When Martin Parr’s The Last Resort was first published and exhibited in 1986 it divided both critics and audiences alike. Some saw it as the ‘finest achievement to date’ of colour photography in Britain whilst others viewed it as ‘an aberration’. With the benefit of hindsight there is little doubt that it transformed documentary photography in Britain and placed Parr amongst the world’s leading photographers. The book is now recognised as a ‘classic’ and copies of the first edition are highly sought after by collectors worldwide. Whilst this edition keeps the same images and sequence as the original, it includes a text commissioned from Gerry Badger who re-examines the work and its impact on British Photography. Gerry was co-author, with Martin, of the three volume The Photobook: A History.

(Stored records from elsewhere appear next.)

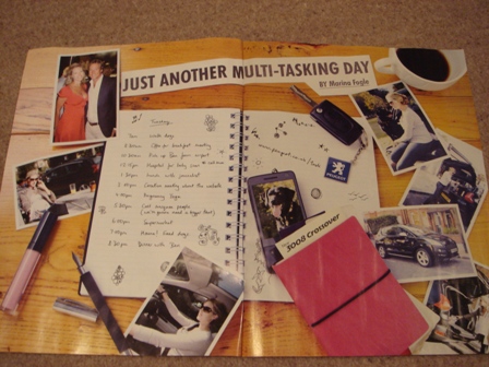 I was struggling to find visuals to make my point, then this week’s Radio Times contained a prime example for the Peugeot 3007, showing Mrs Ben Fogle having ‘Just another multi tasking day’. Seriously, that was the headline: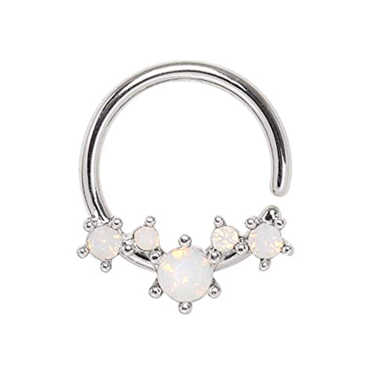 - Five round White Synthetic Opal stones captured in prong setting. Versatile jewelry can be worn as Captive Bead Ring, Septum Jewelry, & Cartilage Earring. Lightweight and comfortable to wear.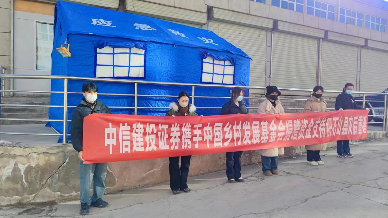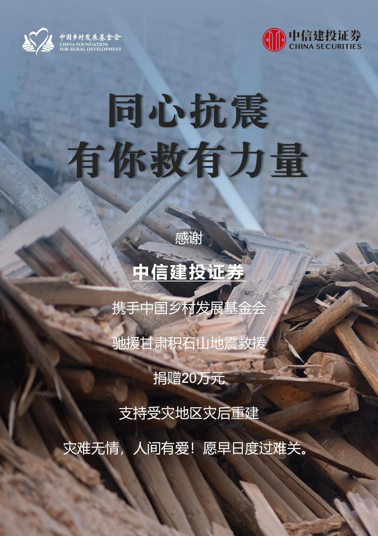 守望相助、共克时艰。中信建投证券甘肃分公司积极响应甘肃证券期货业协会倡议,迅速行动,多方联系了解灾情,考虑到积石山灾区目前相关工作重点已由救援工作转到受灾群众生活安置及灾后重建,中信建投证券通过中国乡村发展基金会捐赠20 万元,专项用于积石山县灾后重建项目,帮助群众尽快恢复生产生活。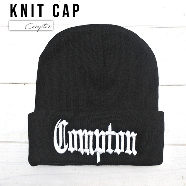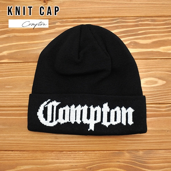 COMPTON ニットキャップ ニット帽 ブラック ビーニーキャップ 帽子 コンプトン カリフォルニア 折り返し KNIT CAP...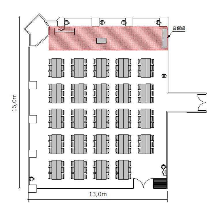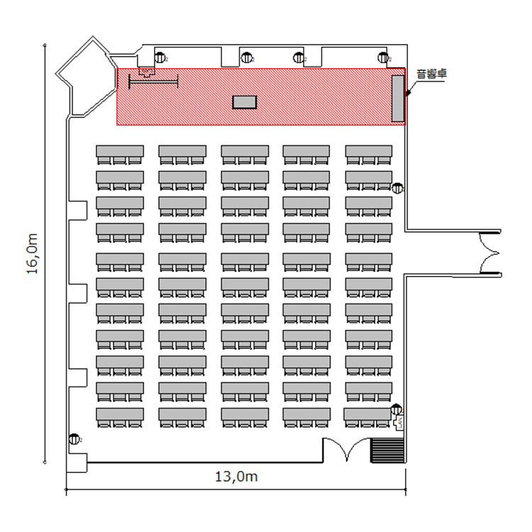 ※プロジェクターを設置する場合は表記の最大定員を収容できない場合がございます。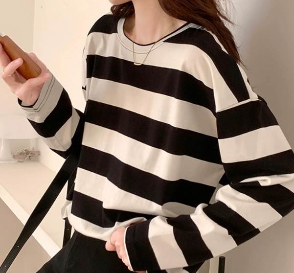 レディース トップス ロンT Tシャツ 長袖 ドロップショルダー 萌袖 ラウンドネック ワイド 大人可愛い シンプル カジュアル ラフ メンズライク ボーイッシュ ルーズ ボーダー 春 秋 キュート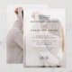 Diese einfache, minimalistische, moderne Hochzeitseinladung bietet klassische schwarze Serif-Schriftart-Überlagerungen auf einem rechteckigen, weißen Bildschirm über Ihrem bevorzugten Hintergrund-Foto, mit ausgewählten Wörtern und Phrasen in stilvoller Handschrift Kalligraphie. Das gleiche Foto wird auf der Rückseite der Einladung ohne den weißen Bildschirm angezeigt.
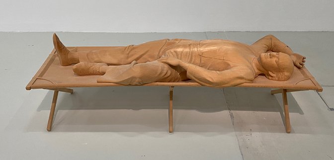 [4] "Comme la Femme endormie, le personnage de Mime est également endormi, mais il dort dans un état plus léger. Son sommeil est délicat, et en tant qu’état d’être, il est similaire à l’acte de mimer. Mais son sommeil est-il une forme de mimétisme ou est-ce lui qui mime le sommeil ?" Charles Ray donne à voir, comme les sculptures depuis l’Antiquité, l’espace non représenté, invisible de vie.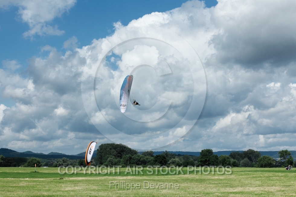 Description: Paramoteurs vus du sol au 7 eme mondial du paramoteur , le 22,23 et 24 juin 201 à57910 Basse-Ham, département de la Moselle, région Lorraine, France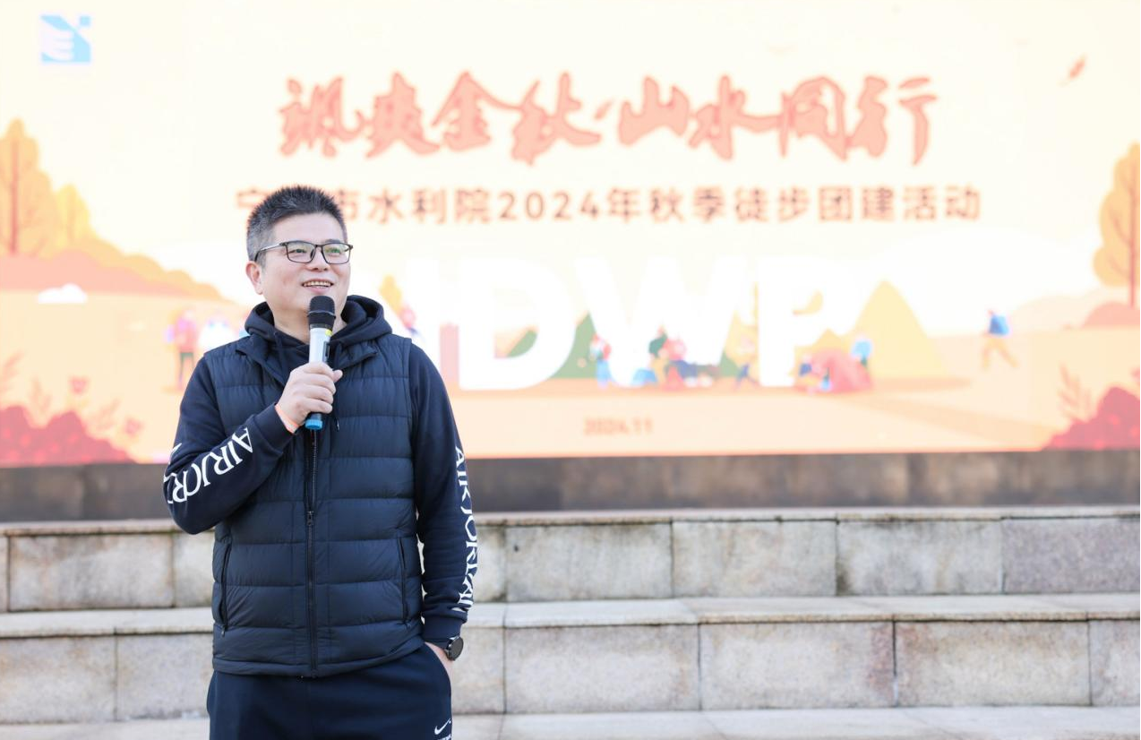 隨后,活動正式開幕。首先,由副院長湯建輝代表院領(lǐng)導(dǎo)宣布“颯爽金秋 山水同行”寧波市水利院2024年秋季徒步團(tuán)建活動正式開始,并預(yù)祝本次活動圓滿成功,鼓勵(lì)員工們在活動中鍛煉身心,放松精神,挑戰(zhàn)自我,共同踐行積極樂觀、團(tuán)結(jié)進(jìn)步的集體精神。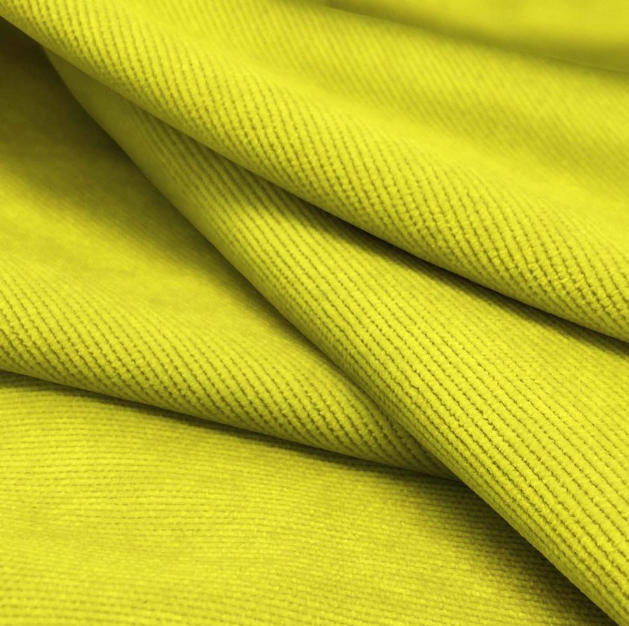 La tela base es la Pana Aterciopelada - Dublin, compuesta por un 85% de poliéster, un 12% de poliamida y un 3% de elastano. Su gramaje es de 280 gr/m2 y cuenta con un ancho de 150 cm. El color liso impreso es Amarillo de Zinc, que se obtiene a través de una combinación de tinta cyan, tinta magenta, tinta yellow y tinta black, con un CMYK de 10 0 84 0. Este color es suave y brillante, y combina especialmente bien con tonos neutros como el blanco o el gris.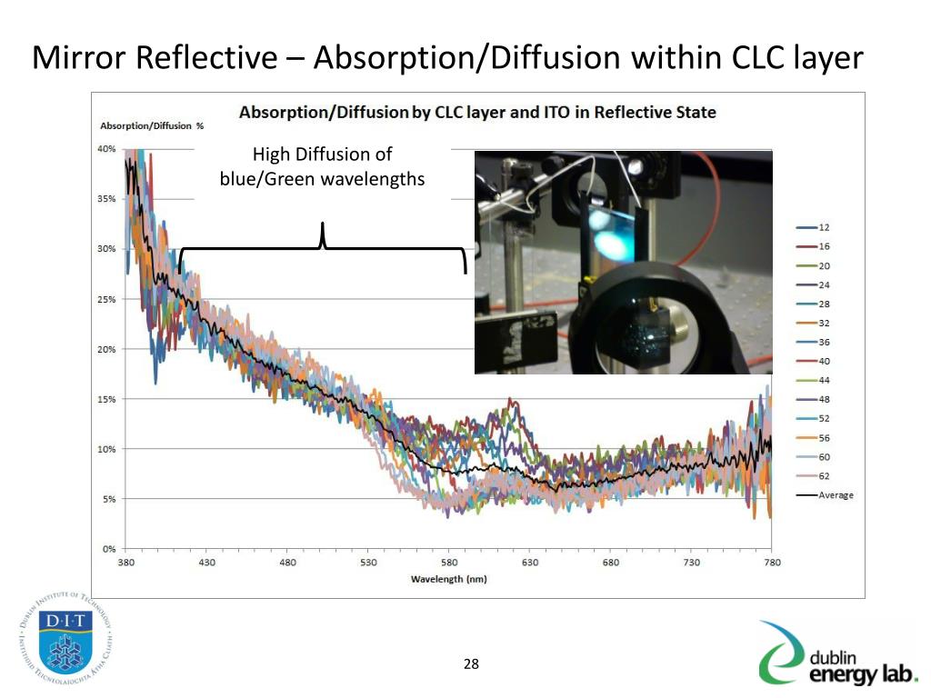 Mirror Clear – Absorption/Diffusion within CLC layer Symmetrical diffusion in blue and red wavelengths. Effect of the film structure rather than only the material??

Steering a perilous course between objectivity and voyeurism, Parr viewed the decaying holiday resort of New Brighton and its holidaymakers in a way that was new, unique and deeply disturbing. And he did so in colour, something which at the time was seen as revolutionary for documentary work. For some his camera seemed cold and cruel as it followed the working classes desperately pursuing their holiday dreams surrounded by dereliction and decay and wading through the apparently endless detritus of a pollution-ridden consumer society. Others felt it showed an affectionate, humorous and humanistic response from Parr. However it was viewed, it was undoubtedly a sharp, bitter satire of the Britain of the Thatcher years.
2026 11th printing.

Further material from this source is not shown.